Branksome & Swanage Light Railway was a proposal to build a 13 miles line from the County Gates through Branksome Park to Canford Cliffs. From there it would travel to Sandbanks and then to the entrance to Poole Harbour. This would be crossed by a transporter bridge so that the line could make its way onto Swanage.

Promoters of the Scheme argued that it would open up the health giving opportunities of the Isle of Purbeck to Bournemouth & Poole residents as well as making Swanage less isolated. A representative of the promoters was reported as saying that they wanted a pretty route because they ‘did not want to flood Branksome Park with rif-raf!’

A suspended gondola would carry the tram cars across the water at a height of 90 metres so as not to interfere with shipping. There are similar transporter bridges built in both Newport and Middlesbrough. The intended drive system would have used electric motors under the gondola to draw the platform across the harbour mouth by grabbing a tethered chain – in a way not dissimilar to a chain link ferry.

The company planned to raise £266,000 to finance the project to include £30,000 to build the transporter bridge. Annual revenue of £36,000 was projected to yield an £18,100 net profit. Electricity would be provided by the Bournemouth Electricity Supply Company. The service would run for 18 hours every day and cover 700,000 miles every year. Fares would be set at one old penny per mile together with four old pennies (about 2p) to cross the bridge.

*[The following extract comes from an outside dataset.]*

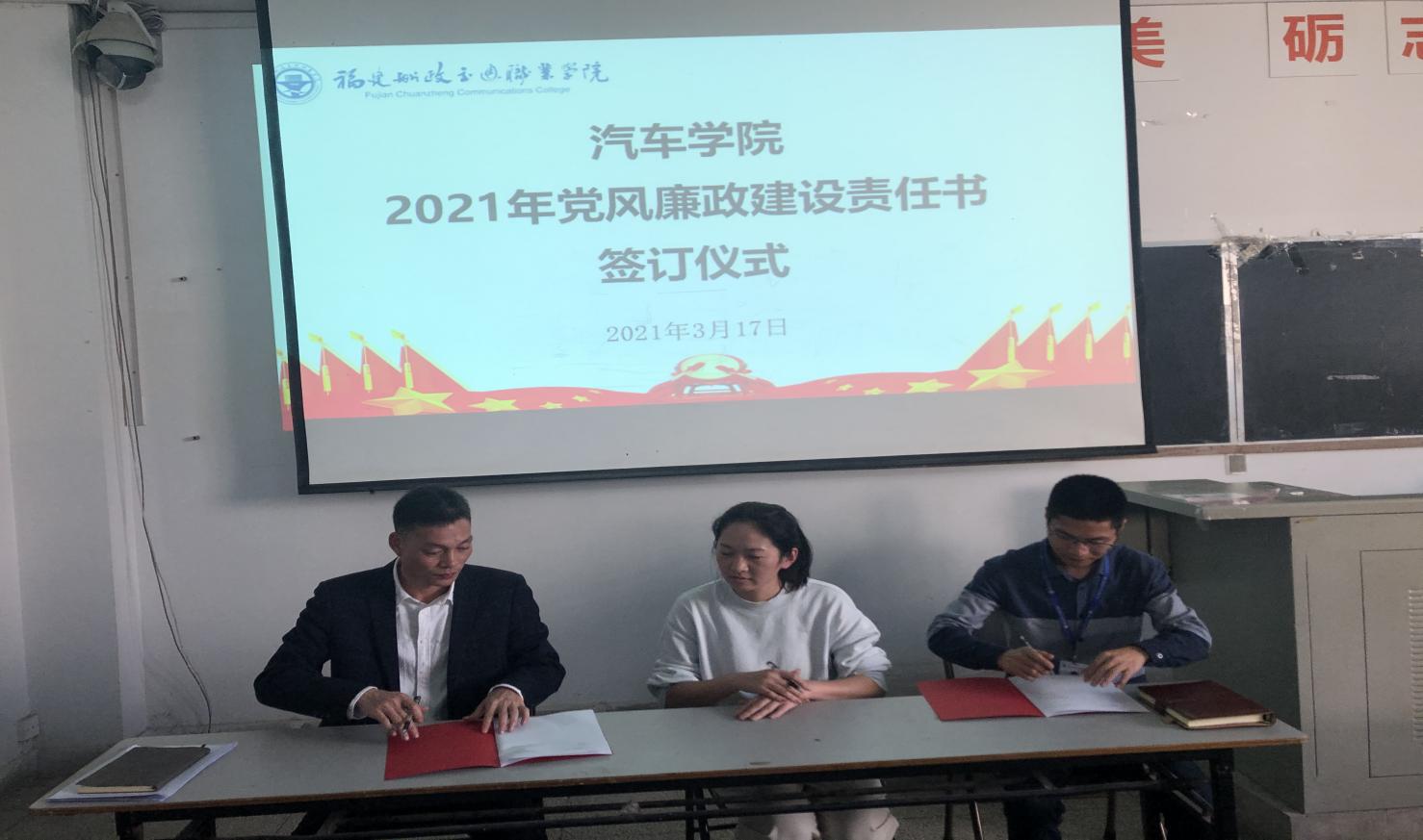 2021年3月17日下午,汽車學(xué)院召開2021年深化全面從嚴(yán)治黨暨強化師德師風(fēng)建設(shè)工作部署會,并舉行黨風(fēng)廉政責(zé)任書簽訂儀式。汽車學(xué)院黨總支蔡華錦書記主持會議,全體班子成員、黨員領(lǐng)導(dǎo)干部和教職工參加了會議。

Unfortunately for the promoters, the Scheme met widespread opposition to include Bournemouth & Poole Corporations, the Poole Harbour Commissioners, Branksome Park Estate, London & South Western Railway, the Bankes Estate and Wareham & Purbeck Rural District Council. Poole Council had met in December 1905 and had concluded that the proposed Branksome & Swanage Light Railway Scheme offered absolutely no benefit to the town. They feared the potential interference with shipping into and out of Poole and did not want the developers to acquire land that could in future be used for better purposes.

With such overwhelming local opposition, the Light Railway Commissioners felt , whose role was to evaluate the proposal, they had to reject it so the bridge was never built.

However, one can but speculate how different Sandbanks and the Isle of Purbeck would be today if the Branksome & Swanage Light Railway transporter bridge had been built.